I installed Daggerfall on a Tuesday. By Wednesday, my microwave learned to speak Tamrielic. By Thursday, time stopped functioning in any linear fashion, and my dog had a Daedric artifact.
This isn’t just a game. It’s an event horizon for mortal understanding. You don’t play Daggerfall — you enter it, and it enters you back, like a polite yet horrifying Lovecraftian entity wearing a DOS prompt.
Let’s start with the map. The “map” is roughly the size of actual Europe. When I tried to ride from one town to another, my character aged 23 years, my computer fan achieved lift-off, and the concept of “distance” ceased to have meaning. NASA called me to ask if I’d opened a wormhole.

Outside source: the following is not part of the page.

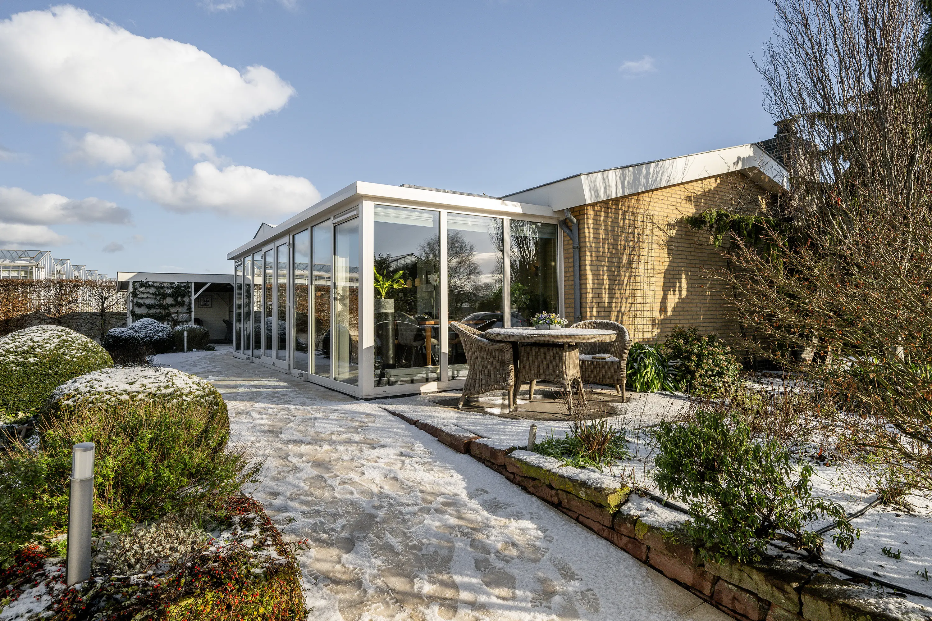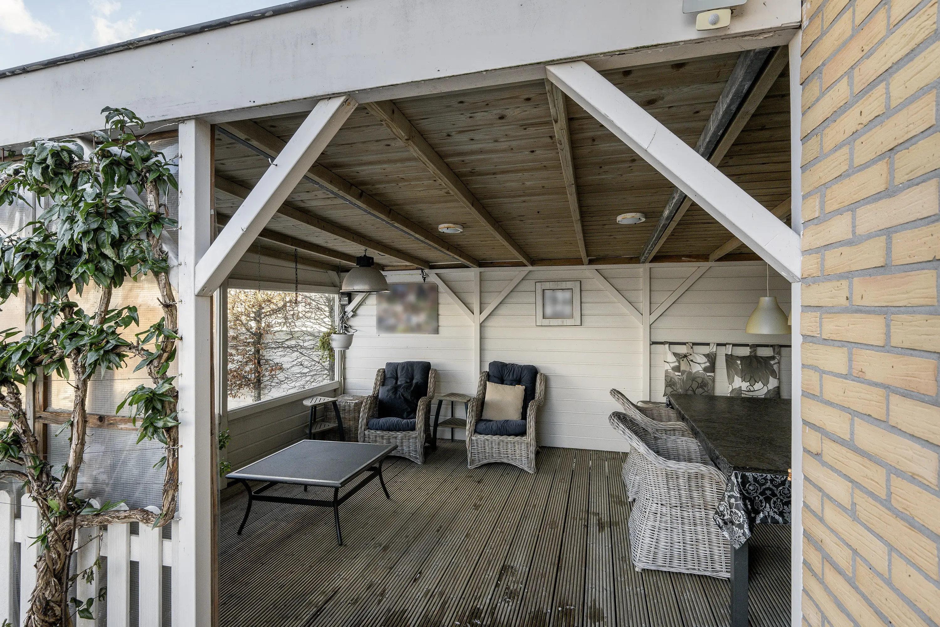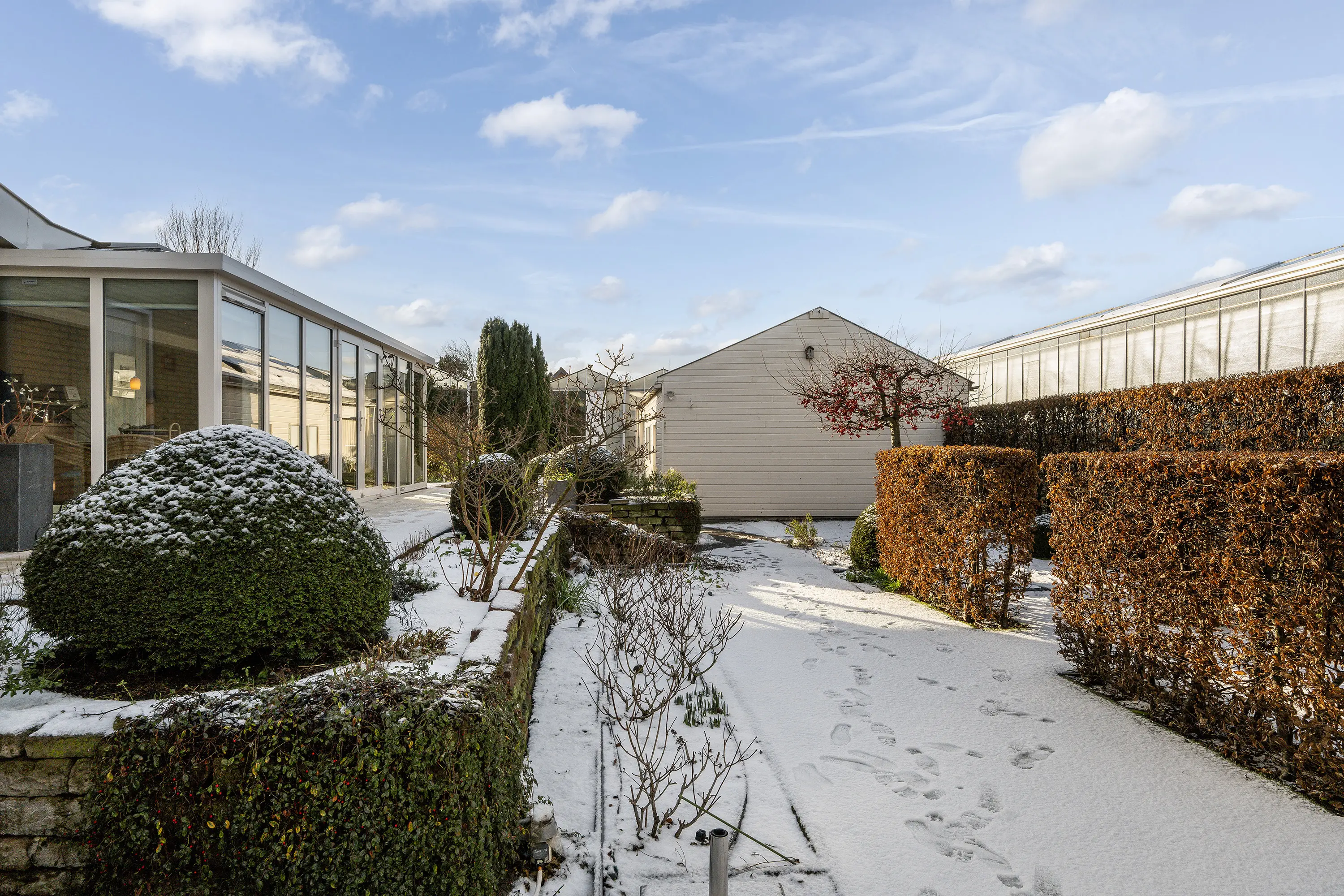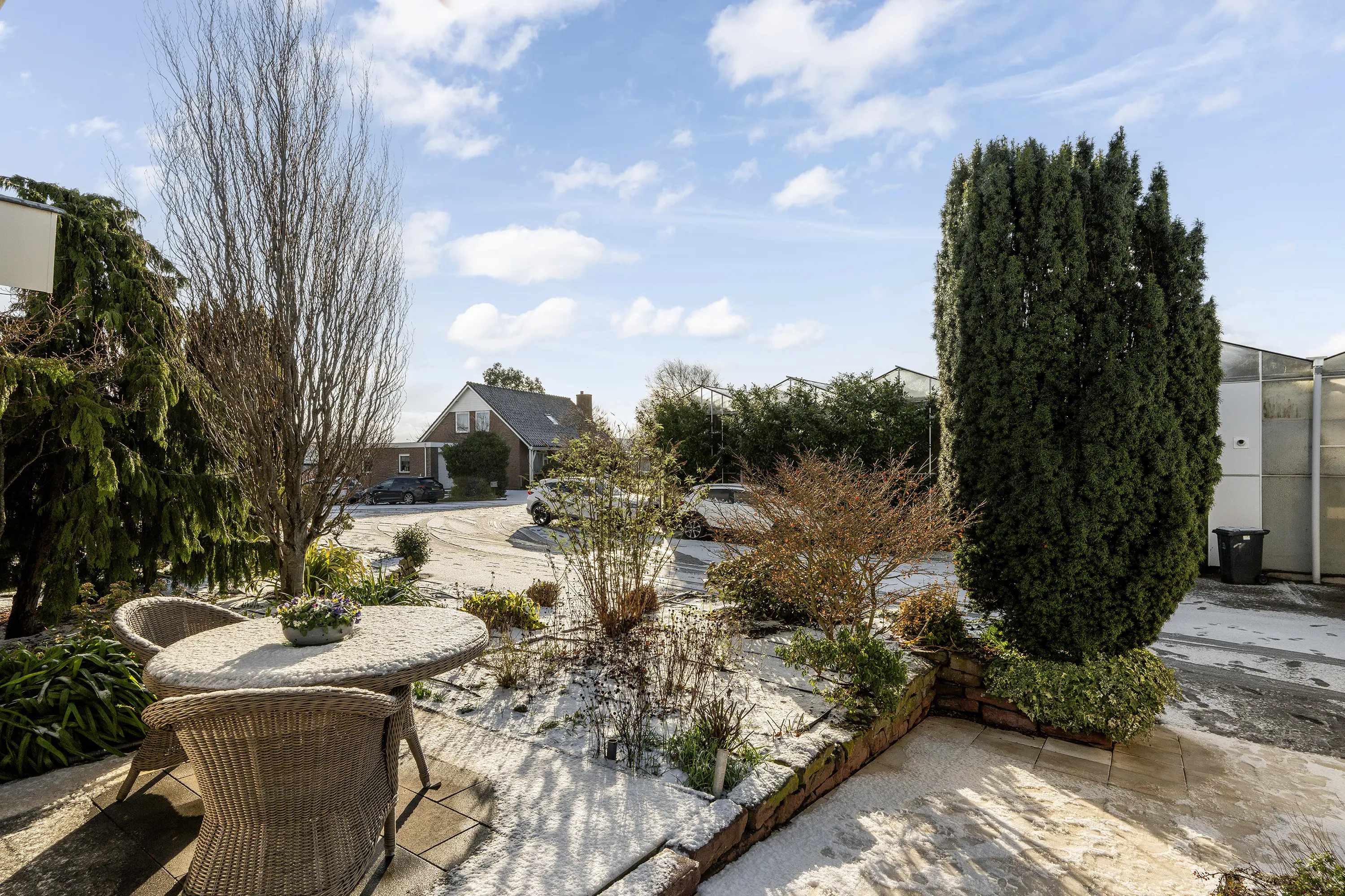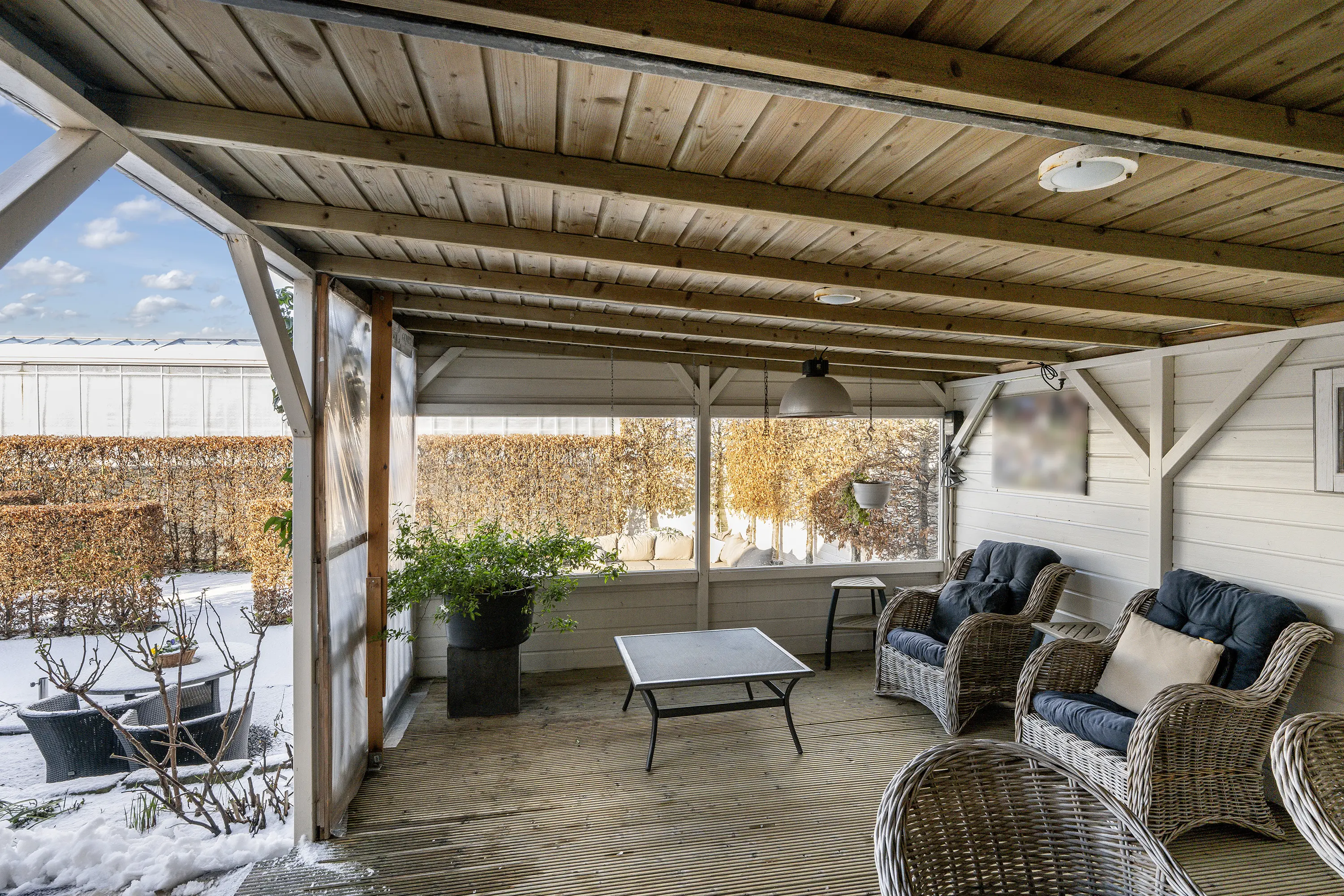 Vanuit de serre leiden openslaande deuren naar de fraai aangelegde, groene achtertuin, omringd door een heg en voorzien van meerdere terrassen. Onder de robuuste houten overkapping met elektra kunt u al vroeg in het jaar buiten genieten.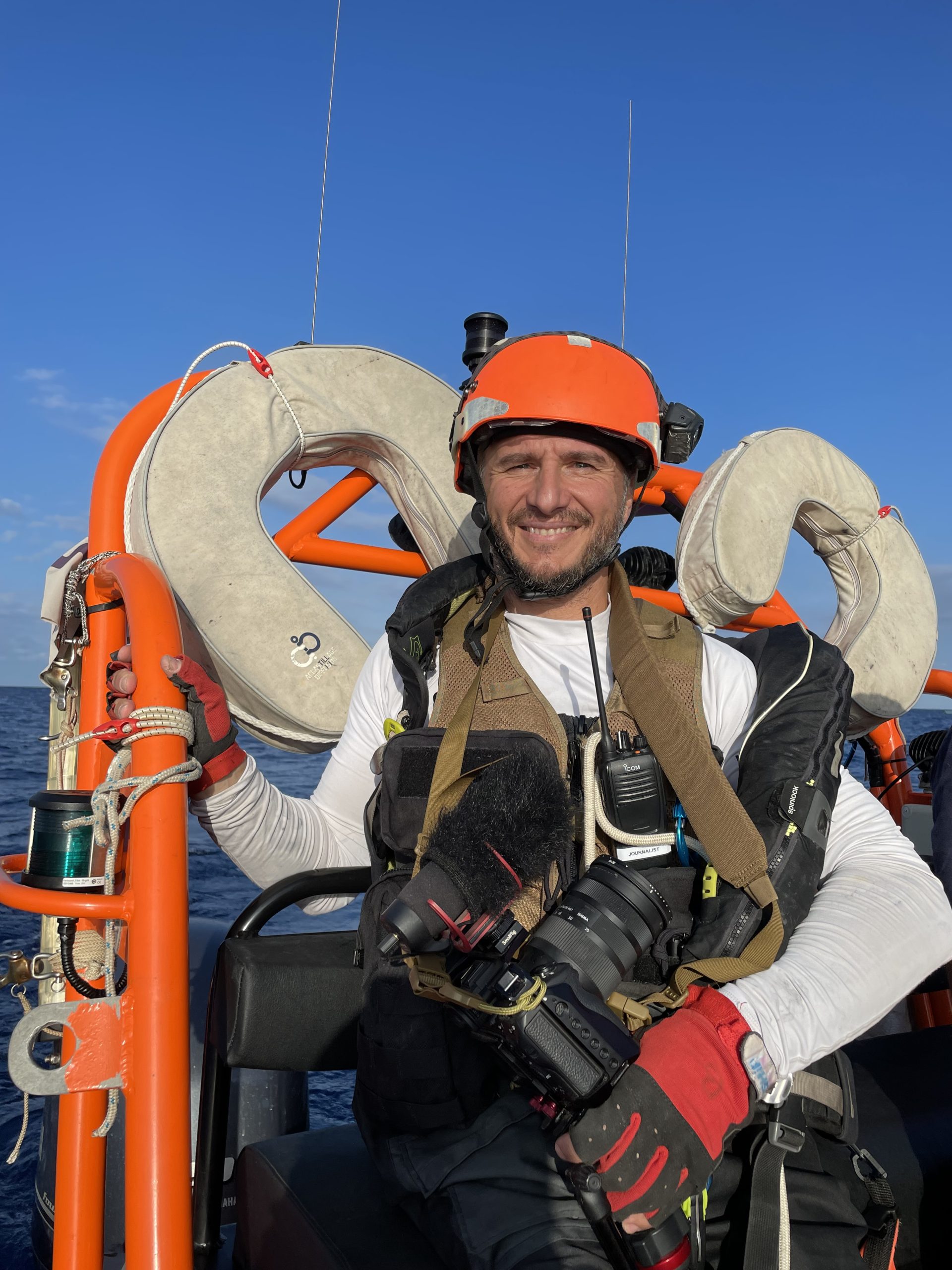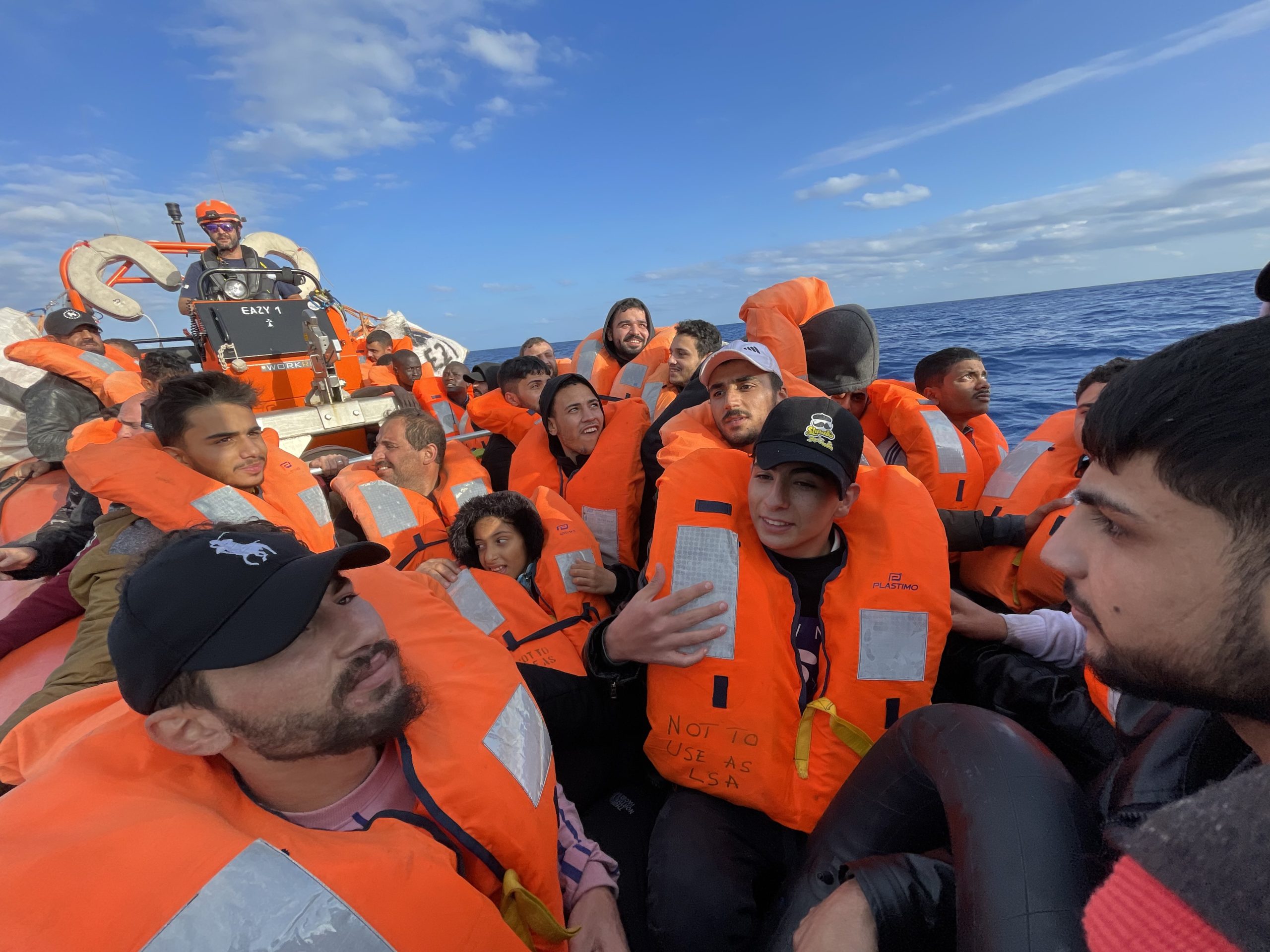 Eazy 1 va in avanscoperta, a quasi 35 nodi di velocità scrutiamo un’orizzonte circolare. E’ una ricerca impossibile ma spunta Colibri 2. L’aereo di Pilotes-Volontaires guida dal cielo il nostro gommone e va in circolo sulla barca per segnalarcela da lontano. Il mare è calmo eppure la barca ondeggia, perché troppo carica e piena d’acqua (al solito mista a benzina). Salvare le 61 persone a bordo (compresa una famiglia siriana con due bimbi intorno ai dieci anni) è complesso, per evitare che l’imbarcazione si capovolga devono intervenire anche gli altri due gommoni, Eazy 2 e 3.

Then there’s the character creator. You can choose your class, your race, and exactly which limb of Akatosh you wish to pledge your soul to. I rolled a Breton knight who somehow majored in lycanthropy and existential despair. Ten minutes later, he was bitten by a rat, became a werebat, and accidentally declared war on gravity.
The bugs? Oh, the bugs are divine. They’re not glitches — they’re procedural manifestations of chaos. Once, I fell through the floor and reemerged as the King of Daggerfall. Another time, the walls disappeared, and I glimpsed Todd Howard’s first thought. I tried to quit the game, but Daggerfall crashed Windows itself, rolled a d20, and rebooted as a sentient operating system.
The soundtrack? Gregorian chants echoing through the corridors of madness. The sound of wind that whispers, “You will never finish this questline.” I left my PC running overnight, and when I woke up, my toaster had joined the Mages Guild.
After 400 hours, I realized something profound: Daggerfall isn’t coded in C. It’s written in the language of creation. Every time you boot it up, the universe subtly reshapes itself. Causality flickers. I got a parking ticket in a timeline that no longer exists.
Final Verdict:
10/10 — My life is now an open-world RPG.